Scotty Law didn’t quite snap to attention, but his body language implied that he didn’t need to be told a second time. He simply nodded and immediately set about pushing and directing the noisy crowd back.
Deveroux took a moment and finished scanning the ground. The unique imprint from his own worn Chuck Taylor’s, worn flat on the outside of each heel, stood in sharp contrast to the other footprints in the dust and minimized the risk of his contributing to the scene contamination. Nevertheless, he stepped carefully as he walked to the front of the driver’s side of the car. He glanced up at Specialist Law pushing the crowd back with newly found authority.

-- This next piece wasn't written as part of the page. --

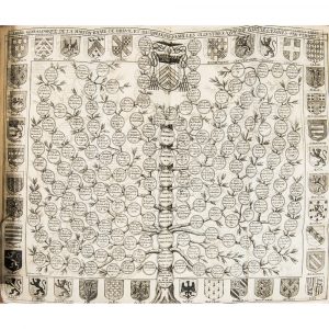 Édition originale ornée d’un grand arbre généalogique replié avec blasons gravés, de nombreuses vignettes héraldiques en taille-douce dans le texte, certaines coloriées, et d’une grande et belle vignette sur le titre.

He could smell clotted blood now, and he heard the faint buzz of a dozen green-bottle flies. A second call from the office as he was leaving home had told him that he had either a suicide or a probable homicide on his hands. He looked through the windshield, cupping his hand near the glass to shade the glare while being careful not to touch the car. Covering what appeared to be a body on the front seat was a camouflaged army-issued poncho liner; its quilted, rip-stop material humped up in the center almost in the shape of a question mark. Another young MP—a buck sergeant this time—stood nearby, hands on his hips. He was watching Deveroux carefully and from a distance.
“You the first officer on the scene?” Deveroux asked, not looking up. He intentionally put a smile in his voice. Nothing can make an average Joe Soldier zip up faster than his thinking he’s stepped on his dick somehow.
“That’s right, Chief.” He’d obviously heard the exchange with Lieutenant Walters and didn’t need to be presented with any further credentials. “Got the call at approximately oh-nine-forty-five. About thirty, thirty-five minutes ago. Arrived to find a Sergeant Roscoe Charles here, pretty shaken up. He’s the one who actually found the body. I got a statement from him and his address—then I let him go on to his quarters before he puked all over everything. He lives here on post if you need to talk to him some more.”
Deveroux frowned and mumbled as he pulled two latex gloves from his rear pocket. He kept a box in his truck for situations like this and had grabbed a couple as he parked. He snapped them on and then opened the car door. “What’s that?” He nodded at the poncho liner as he looked at the sergeant.
“Poncho liner.”
Deveroux’s expression clearly indicated that he knew what a military poncho liner looked like. It also indicated that he might be inclined to share that information with the young MP.
“Sorry, Chief,” the sergeant quickly corrected, seeing the warrant officer’s face. “All sorts of people been here.”
Deveroux looked over at the crowd, now assembled a football field away. “So I see.”
“Yes, sir, Chief. Lot of people. I figured they didn’t need to be around this…” He made a look with his face to convey the unpleasantness of the situation. “You know.”
“’Course that’s the problem, ain’t it? All these people around; they shouldn’t have been here in the first place.”
“Chief, I’m just Sergeant Joe Snuffy. Lieutenant Walters, he—”
Deveroux put his hand up to indicate that no explanation was needed. With the car door wide open he shifted his position a foot or two to take in the scene from a slightly different angle. He bent at the waist and dipped his head. “Tell me, Sarge, would that be your poncho liner?”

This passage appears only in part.